Date of Award


Document Type

Campus Access Dissertation

Degree Name

Doctor of Philosophy (PhD)


Education/Higher Education PhD

First Advisor

Cheryl D. Ching

Second Advisor

Jay Dee

Third Advisor

Dina C. Maramba


As a panethnic label, “Asian American” represents over 20 national origin groups as designated by the U.S. Census Bureau (Budiman & Ruiz, 2021). Although Pilipina/x/os are one of the largest Asian American groups in the United States, they have been misunderstood within Asian America due to their colonial history as well as East Asian hegemony. Asian American support structures in colleges and universities, such as Asian American cultural centers and Asian American studies programs, are designed to focus on the Asian American community, including Pilipina/x/o Americans. Research suggests, however, that they tend to privilege East Asian American groups.
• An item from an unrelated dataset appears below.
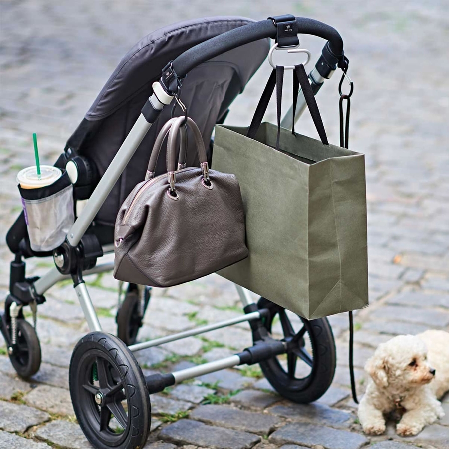 The first and only clip hook custom designed for shopping, not climbing. Its unique shape means holding the gate open is easy and items can slip on and off the hook effortlessly, just like our Mighty Buggy Hooks. The sturdy steel wire gate closes on it?s own coiled tension so there is no spring that can break.

In this study, I examined how Asian American Cultural Centers and Asian American Studies at two institutions support Pilipina/x/o American students, if at all. Conducting a multiple-site case study allowed me to understand the contexts of Garnet University (GU) and Violet University (VU) as sites for Asian American and Pilipina/x/o student support. Additionally, through this case study, I sought to understand how Pilipina/x/o American students experience Asian American support structures at these sites.

The nineteen participants in this study provided key insights into how Asian American support structures address the needs of Pilipina/x/o American students at GU and VU, and the general challenges faced by Asian Americans on college campuses. Specifically, I found that (1) Asian American was a complicated identity and concept for the participants to grapple with; (2) the impacts of East Asian hegemony on Pilipina/x/o Americans; (3) students saw Pilipina/x/o American Student Organizations as important informal sites for support; and (4) practitioners in AACCs expressed institutional challenges with supporting Asian American and Pilipina/x/o American students.

Ultimately, at the sites, Asian American support structures fostered both ethnic and panethnic identity development for Pilipina/x/o students. Based on my findings, Museus’s (2014) CECE model, Nadal’s (2004) PAID model, and literature on Pilipina/x/o American students in higher education, I propose the Pilipina/x/o Navigation of Asian American Panethnicity (PNAAP) framework. PNAAP outlines how precollege contexts, ethnic and racial identity development, and campus contexts influence how Pilipina/x/o Americans understand their connection to Asian American panethnicity. The dissertation concludes with implications for future research and practice.